First, check out a short blog I posted earlier this month about a moment in time captured by the great screenwriter, William Goldman, where a few simple words conveyed volumes of subtext. It’s called
Subtext & Natalie Wood.

Second, let’s talk about the funniest and greatest break-up book in the history of mankind (and womankind) – Anita Liberty’s
How To Heal The Hurt By Hating.

On the cover, she writes:

My boyfriend, Mitchell, whom I dated for three and a half years, left me for a woman named Heather, and, to get even, I have devoted my entire career to humiliating him in public. Enjoy the book.

The book is a collection of (slightly) bitter journal entries. It’s amazing how much hilarious subtext can exist in one’s own private journal. You can read excerpts on
her website. Consider the subtext found in the following journal entries:

Not Thinking About You(Oh but of course she is!)

Guys Who Want to Sleep with Me…(Seduction is always about the art of subtext.)

Independence Day.” (She tries to convince herself how great it is to be dumped and alone and how she doesn’t really need anybody especially HIM.)

But back to the title of her book, which, in and of itself, has some subtext to it because we all know that healing hurt feelings by hating someone is not what her book is really about. She is not advocating hatred and bitterness in the world (although at times you might wonder). It is a funny expression of feelings at a very painful time in her life, and thus, her book is, in fact, about laughing through the pain. It is about the miserable business of going through all of those necessary emotions you have to go through after a bad break-up (and yes, you have to acknowledge anger and maybe even a little hatred… or A LOT of hatred in Anita’s case). And then you realize, after you finish her book, that it was downright cathartic to laugh through all of that pain with her. And by seeing how Anita clings to bitterness, how she cannot let go of humiliating Mitchell, how she cannot move on in her life, she actually inspires us to… do the opposite. What she cannot do, we MUST do.

I have to hand it to her. She’s sharp. She’s the reigning Queen of Subtext in Comedy. In fact, she just posted on her website a video clip from one of her recent shows called
Turn Off Your Cell Phones. What makes this improvisational moment funny is the subtext because she never says the words and tells the audience to “turn off your cell phones.”

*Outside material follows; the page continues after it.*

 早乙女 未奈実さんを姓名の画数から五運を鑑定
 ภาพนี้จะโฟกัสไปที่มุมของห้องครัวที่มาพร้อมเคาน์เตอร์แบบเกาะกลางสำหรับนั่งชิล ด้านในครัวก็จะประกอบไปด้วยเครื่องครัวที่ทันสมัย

If her clip were to be scripted, it might look something like this…


INT. THEATRE - NIGHT

[cont’d]

Audience laughs and applauds.

ANITA
Thank you. My next poem is called...

A cell phone rings in the audience. A look of horror on Anita’s face.

ANITA
(mock phone call)
Hello? Who's this? No... No, I'm
actually at the theatre... No...
Well, yeah, I guess I could take a
picture of her for you. Okay, hold
on...

She poses. Everyone laughs.

ANITA
Okay, I'll send it to you... Don't
call me. I told you not to call
me... All right, I'll talk to you
later... Really? Okay, all
right... Bye. No, seriously, BYE.

Everyone applauds.

ANITA
I don't mean to humiliate anyone I
haven't slept with...


By the way, she has a new book out, too, called How to Stay Bitter Through The Happiest Times of Your Life.

Hehehe

Hope this proves helpful. Keep 'em coming!

2 comments:

Anita Liberty said...

Oh my god. I feel like all that dedicated ego-surfing I do to avoid writing just paid off...BIG-TIME. You get me. I feel finally gotten. I love being gotten by you. And if I weren't already married, I think I'd ask you to marry me. Or at least be my publicist. *Sigh.* P.S. Absolutely no subtext to be found in this post. Just love, love and more love.
Yours (and I mean that),
Anita Liberty

Mystery Man said...

And I love you too, Anita. I really do!